🤖 AI Summary
Existing text-to-3D scene generation methods struggle to simultaneously ensure scene completeness and navigability. This paper proposes the first end-to-end framework for generating fully traversable 3D scenes from text. It employs a 128-frame 360° panoramic video as an intermediate representation and introduces the first conditional diffusion model for controllable 360° video generation, jointly optimized with feedforward 3D Gaussian splatting for photorealistic geometry and texture reconstruction. To ensure coherence, we incorporate multi-frame view consistency constraints and a text–video–3D cross-modal alignment mechanism.

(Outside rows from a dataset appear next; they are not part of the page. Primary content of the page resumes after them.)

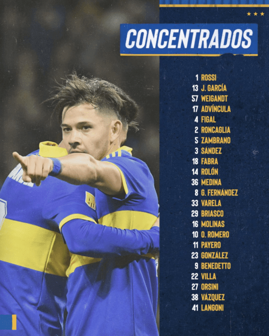 De esta manera, según lo que paró Ibarra en la práctica, Boca saldría con Agustín Rossi; Luis Advíncula, Carlos Zambrano, Nicolás Figal, Frank Fabra; Martín Payero, Alan Varela, Pol Fernández; Óscar Romero, Darío Benedetto y Sebastián Villa.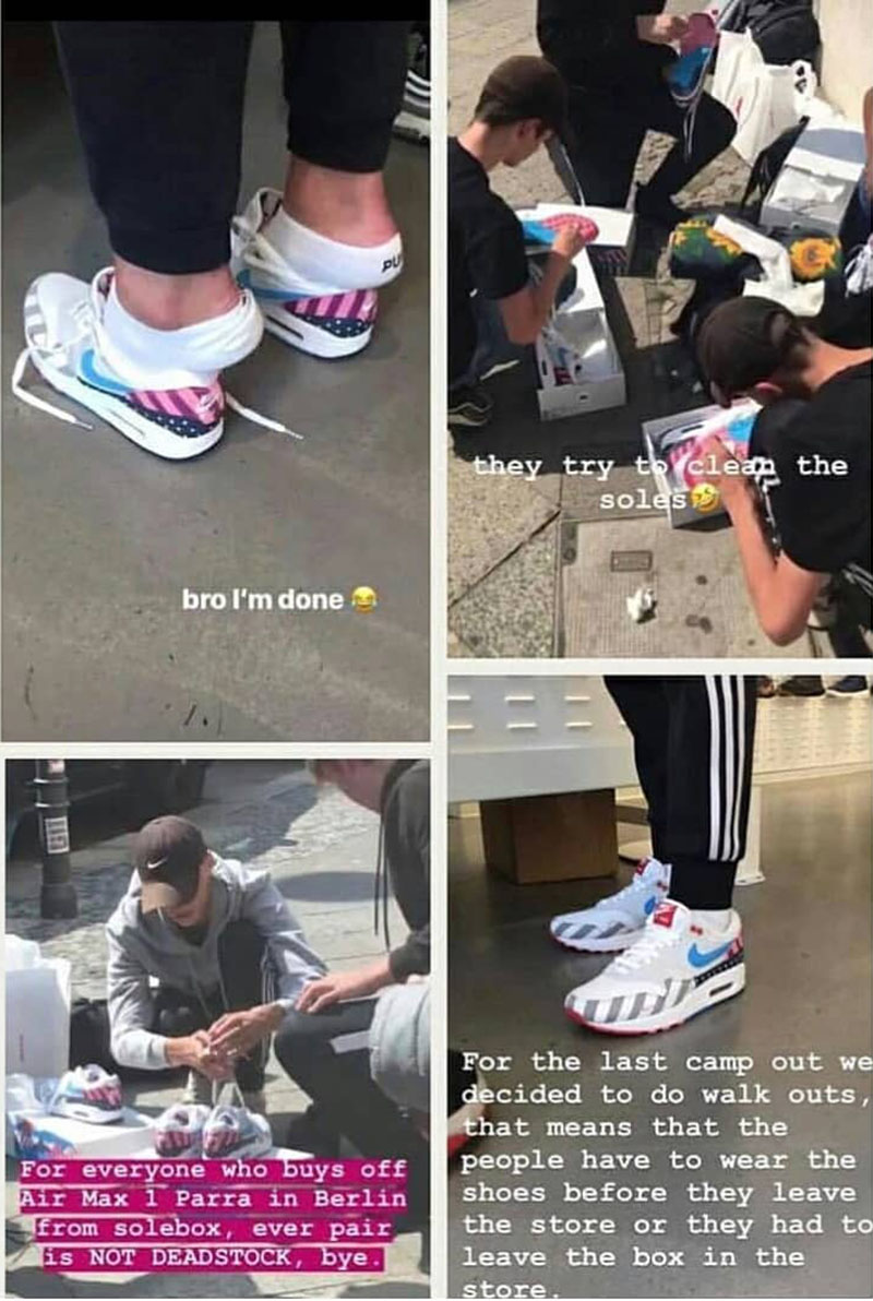 发售后 Solebox 店铺方在 Instagram 上发表:“在这次发售中,我们要求买家必须在离店时上脚鞋款,但是你没办法阻止这些商人,他们出门后就开始清洗鞋底。” 同时在图片配字调侃道,所有来自柏林 Solebox 的 Air Max 1 Parra 都已不是 Deadstock 全新未试穿的了。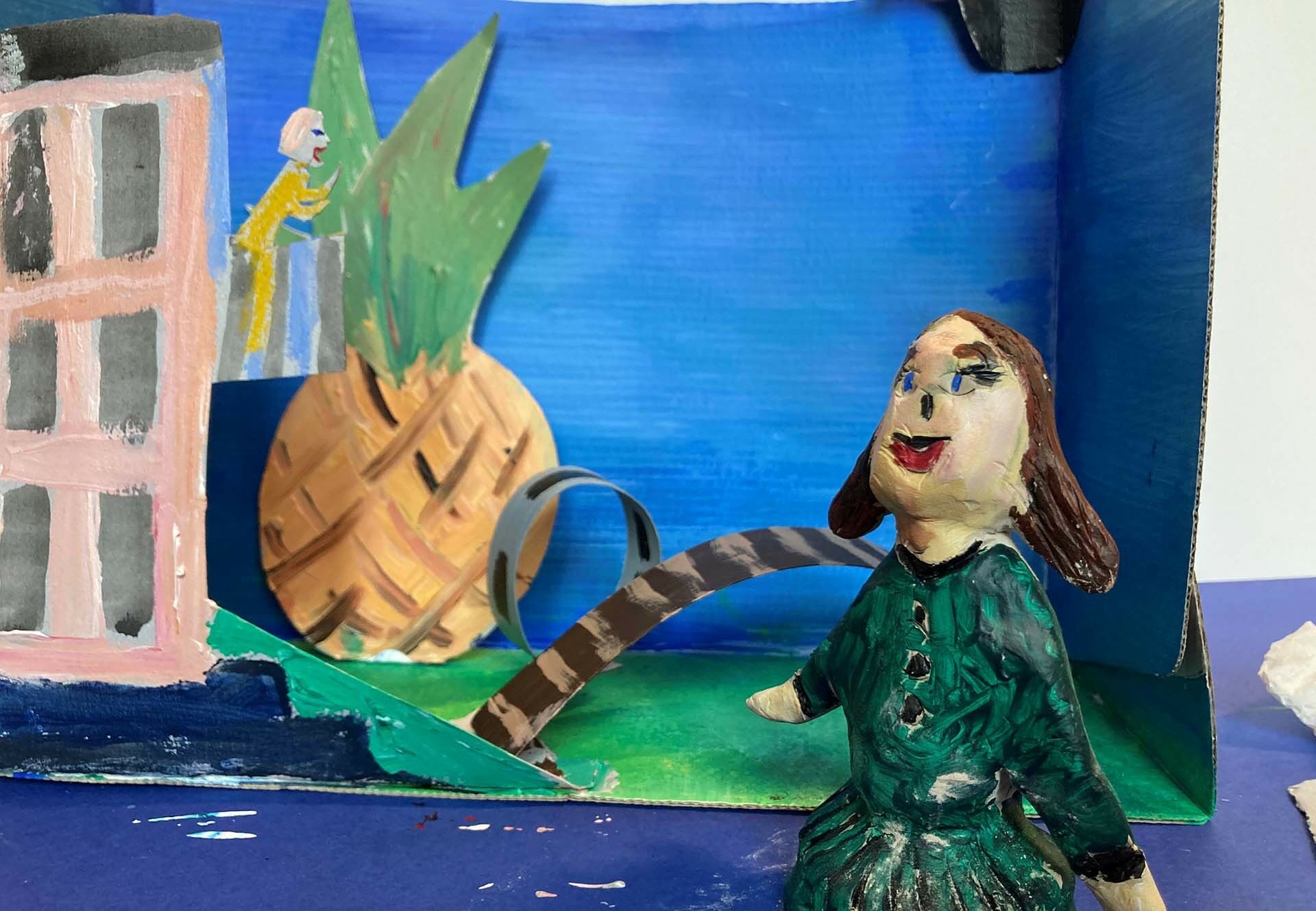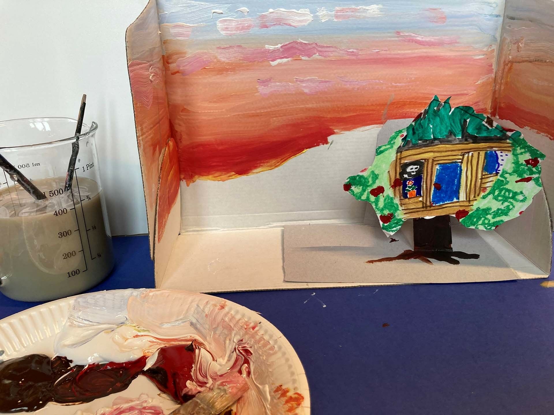 Gör en modell av en drömplats med hjälp av kartonger och färg. Om du har tillgång till lera (se ateljéns tips på trolldeg) kan du forma figurer till din plats också.

Our method surpasses state-of-the-art approaches in scene completeness (enabling free navigation over >10 m²), view consistency, and reconstruction fidelity: panoramic video FID improves by 23%, and 3D reconstruction PSNR increases by 5.1 dB.
📝 Abstract
Scene-level 3D generation is a challenging research topic, with most existing methods generating only partial scenes and offering limited navigational freedom. We introduce WorldPrompter, a novel generative pipeline for synthesizing traversable 3D scenes from text prompts. We leverage panoramic videos as an intermediate representation to model the 360{deg} details of a scene. WorldPrompter incorporates a conditional 360{deg} panoramic video generator, capable of producing a 128-frame video that simulates a person walking through and capturing a virtual environment. The resulting video is then reconstructed as Gaussian splats by a fast feedforward 3D reconstructor, enabling a true walkable experience within the 3D scene. Experiments demonstrate that our panoramic video generation model achieves convincing view consistency across frames, enabling high-quality panoramic Gaussian splat reconstruction and facilitating traversal over an area of the scene. Qualitative and quantitative results also show it outperforms the state-of-the-art 360{deg} video generators and 3D scene generation models.